■ Task instructions ■
Although the material holds pictures, none belong in the copy; transcribe exactly, and only, the lines from the one with "What really needs" through the end.

*** Opening Source data ***

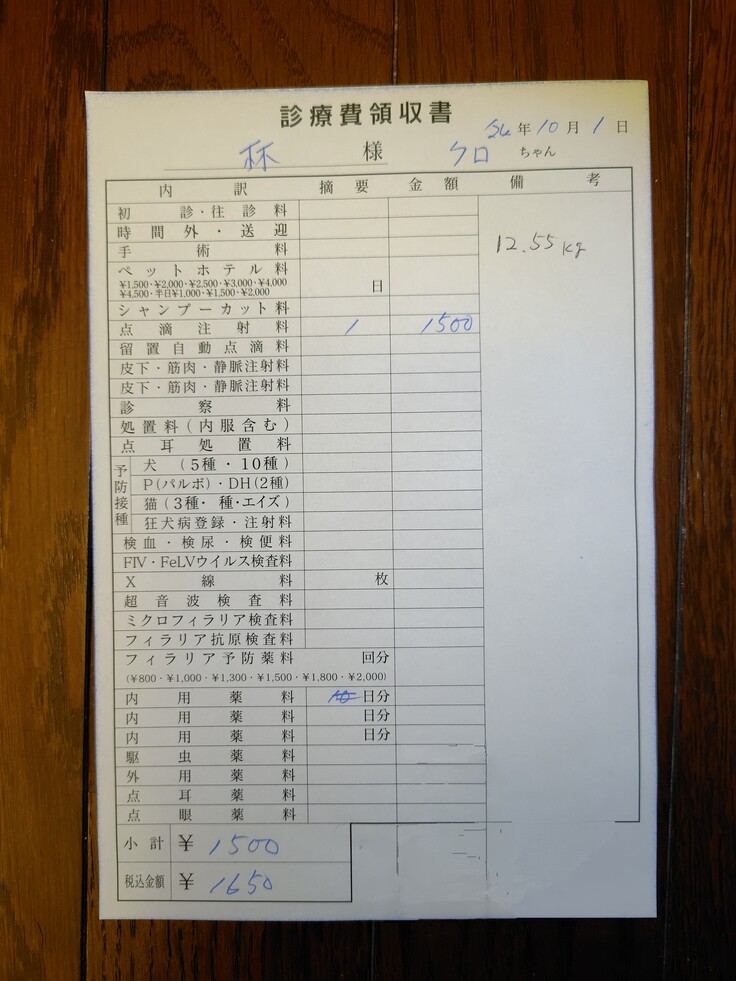 昼間は吐き気がきて、胃液をもどしたり少ししんどそうでした。夕方散歩に行き、またよだれや吐き戻しもありましたが、明日手術ですし、夜にいつもの病院へ皮下点滴に行きました。
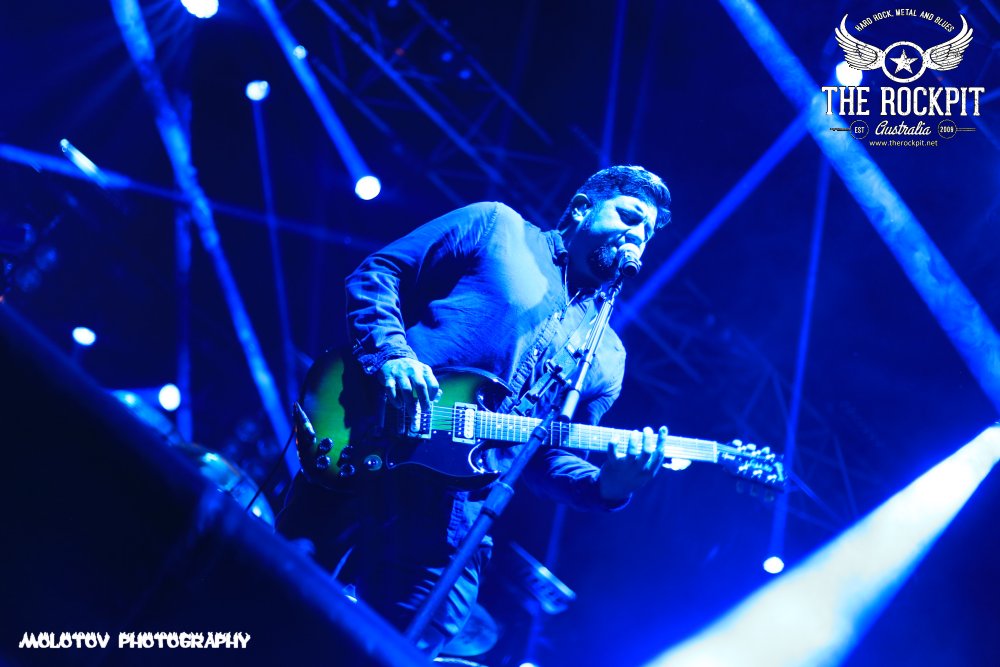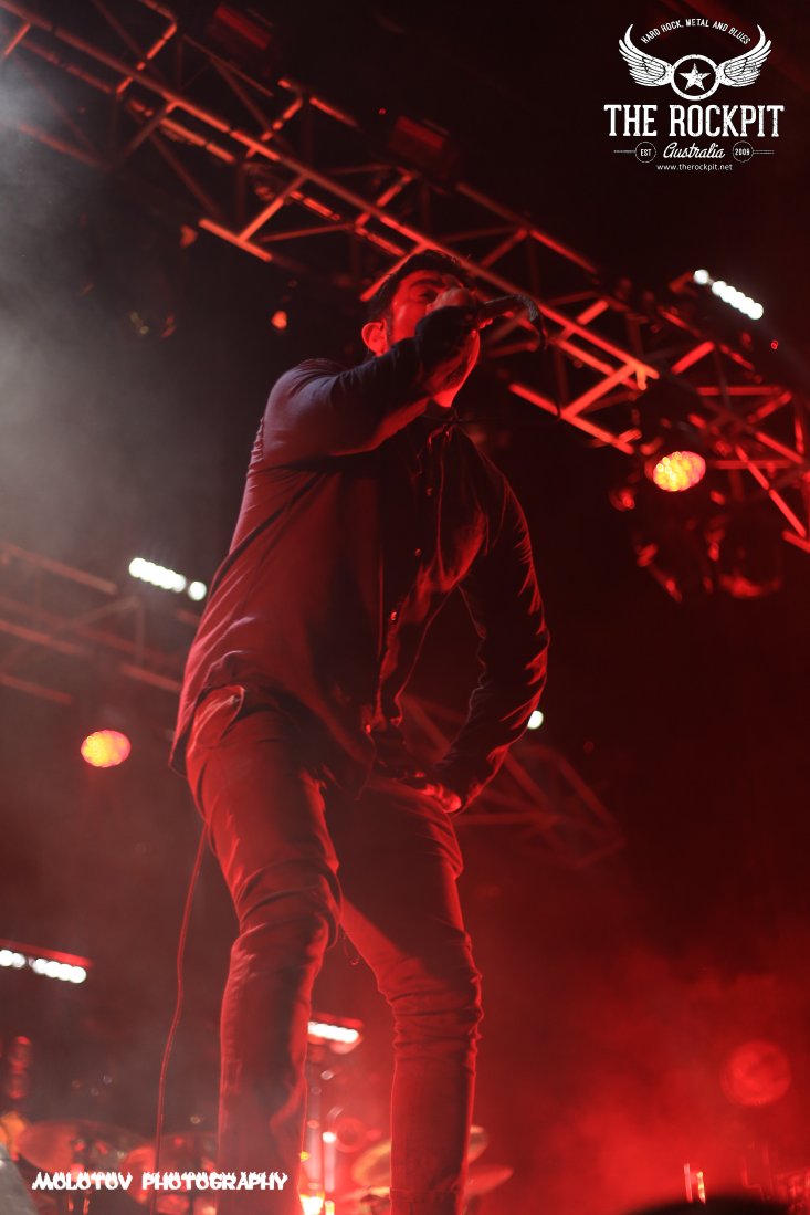 What really needs to be said about Karnivool other than, let’s face it – one of Perth’s greatest exports who hit the stage to a heroes welcome. Kicking off proceedings with simple boy lead singer Ian Kenny and the rest of the band, they seemed very enthusiastic about being on the tour. “Goliath” kicked off next with – excuse the pun – but a seriously monstrously sound I believe that even at this early point people were totally awe struck. “The Refusal” and “Set The Hive” set the tone for what was a pretty much flawless performance, the rest of the band deserve all the praise also as they had the crowd eating out of their proverbial palms.
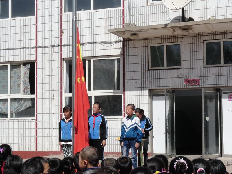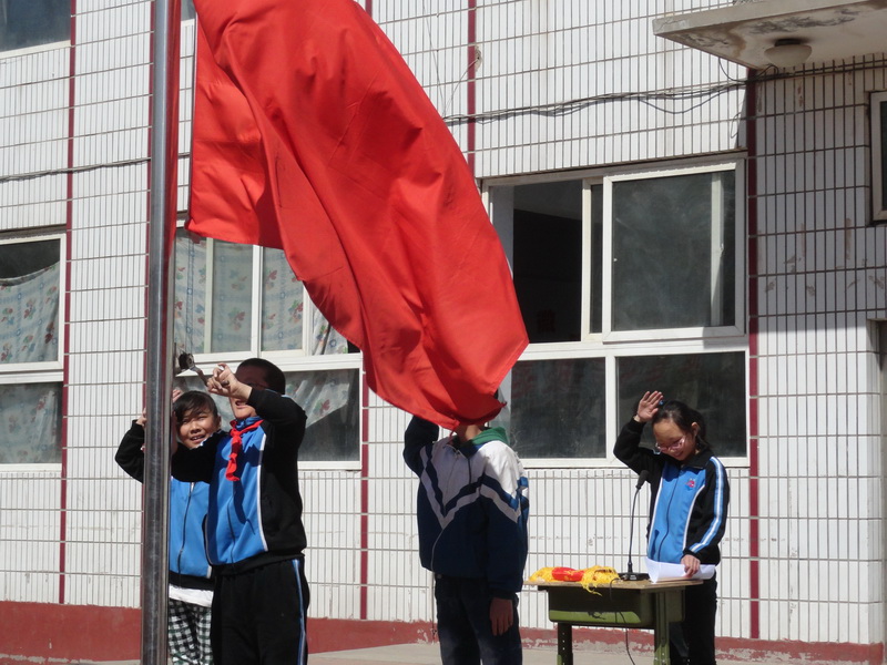 上完晨读课之后,在文体委员的带领下,我们在操场上站好了队。古娜走上主席台说:“升旗仪式现在开始!”接着又说了一句:“第一项,升国旗,奏国歌!”一首乐曲随着她的话音播放了起来,负责升旗的学生也精神抖擞地走上了主席台。我听到了我们班的学生议论纷纷,我也打心眼里不服,为什么又是他们三班呀?可心里还是有点羡慕,谁让人家老得流动红旗呢!

*** Closing Source data ***

■ Answer for this exercise ■
 What really needs to be said about Karnivool other than, let’s face it – one of Perth’s greatest exports who hit the stage to a heroes welcome. Kicking off proceedings with simple boy lead singer Ian Kenny and the rest of the band, they seemed very enthusiastic about being on the tour. “Goliath” kicked off next with – excuse the pun – but a seriously monstrously sound I believe that even at this early point people were totally awe struck. “The Refusal” and “Set The Hive” set the tone for what was a pretty much flawless performance, the rest of the band deserve all the praise also as they had the crowd eating out of their proverbial palms.
 上完晨读课之后,在文体委员的带领下,我们在操场上站好了队。古娜走上主席台说:“升旗仪式现在开始!”接着又说了一句:“第一项,升国旗,奏国歌!”一首乐曲随着她的话音播放了起来,负责升旗的学生也精神抖擞地走上了主席台。我听到了我们班的学生议论纷纷,我也打心眼里不服,为什么又是他们三班呀?可心里还是有点羡慕,谁让人家老得流动红旗呢!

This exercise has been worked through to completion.